Formica, who was one of the co-CEOs at combined fund group Janus Henderson, is slated for his “buy and build” approach, having steered Henderson through several acquisitions, purchasing and integrating John Duffield-owned New Star Asset Management, then Gartmore, and finally merging with Janus in May 2017.
His appointment to the top job at Jupiter prompted speculation that the FTSE 250 fund group was in for a similar fate.
“Larger scale M&A transformative type deals really aren’t something we’re thinking about. We don’t feel the business needs it and we don’t think it’ll necessarily help the business,” he told Portfolio Adviser after the publication of its interim results for the period ending 30 June.
“So you should think there will be activity but it’s at a much smaller end and very targeted, like a team with assets or performance track record or all that coming through.”
Darwall hasn’t resigned yet
Formica also addressed European equities star Alexander Darwall’s status at the firm.
Jupiter caught analysts and commentators off guard when it announced in April that Darwall had decided to take a step back from running the Jupiter European fund and Jupiter Growth Sicav, which hold a combined £8bn in assets.
The news stunned investors too who promptly rushed to yank money out of the fund. Darwall’s open-ended funds accounted for the majority of Jupiter’s net outflows over the first six months of the year. Total mutual fund outflows for the period were £1.1bn, £600m of which was from money pouring out of its European equities products.

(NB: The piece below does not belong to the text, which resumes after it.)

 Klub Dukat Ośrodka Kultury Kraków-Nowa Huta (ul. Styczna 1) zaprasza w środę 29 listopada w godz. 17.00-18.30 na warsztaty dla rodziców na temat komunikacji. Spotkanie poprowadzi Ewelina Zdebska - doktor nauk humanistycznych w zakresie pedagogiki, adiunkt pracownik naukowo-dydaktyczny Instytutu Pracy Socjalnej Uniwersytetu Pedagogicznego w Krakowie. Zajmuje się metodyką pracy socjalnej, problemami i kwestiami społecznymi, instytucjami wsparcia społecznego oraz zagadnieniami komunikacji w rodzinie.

In another surprise twist Darwall informed Formica at the beginning of July that he was thinking of leaving the asset manager altogether after 23 years to set up his own shop, a move which Formica said the team at Jupiter is supporting.
But Formica stressed Darwall is still with the firm and hasn’t resigned yet.

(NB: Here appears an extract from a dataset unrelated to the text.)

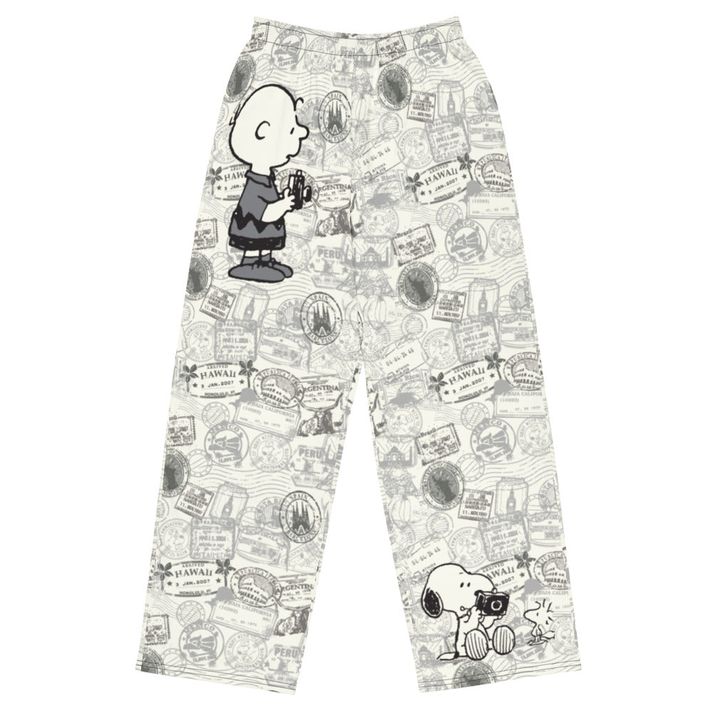 Travel the globe with Snoopy and the gang in the Peanuts Stamps Lounge Pants! Featuring a charming design that celebrates the worldwide adventures of your favorite Peanuts characters, these ultra-comfortable pants offer a relaxed fit and vintage-inspired feel. Whether you're exploring new places or just kicking back in comfort, these are a must-have for any Peanuts fan.

“He’s [Darwall] currently talking to the FCA about what an application in a firm might look like. He hasn’t resigned, he hasn’t fully formulated his plan. But having gone down that path, there’s a clear likelihood that he will set up his own firm subject to those sorts of approvals.”
Dynamic Bond in the clear
While Jupiter was unable to stop haemorrhaging cash over the first half of the year, there was a spot of good news as Ariel Bezalel’s Dynamic Bond fund, the main culprit of redemptions in 2018, returned to net inflows.
The €7.5bn Sicav vehicle was hammered by £4.4bn of net outflows last year but Formica said both the fund and Jupiter’s fixed income unit had ended June with money coming in.
Formica said the return of investor confidence in the fund reflects stronger performance and is vindication that Bezalel’s contrarian take on fixed income markets was “spot on”.
“Last year he [Ariel] took a very non-consensus view around where interest rates might go, and he was much more bearish on the outlook for growth,” he said. “He felt that the US in particular would flick up rates and that would obviously boost treasuries. That was a view not shared by a lot of our clients.
“Roll forward nine months, 12 months, and actually, he was spot on. And the performance of his funds have reflected that, and clients have accepted the fact that he had pretty good insights and you’ve seen that reversal of clients leaving to actually clients coming on board.”
Dynamic Bond is currently third quartile over one, three and five years and has returned 7.7% in sterling terms so far this year.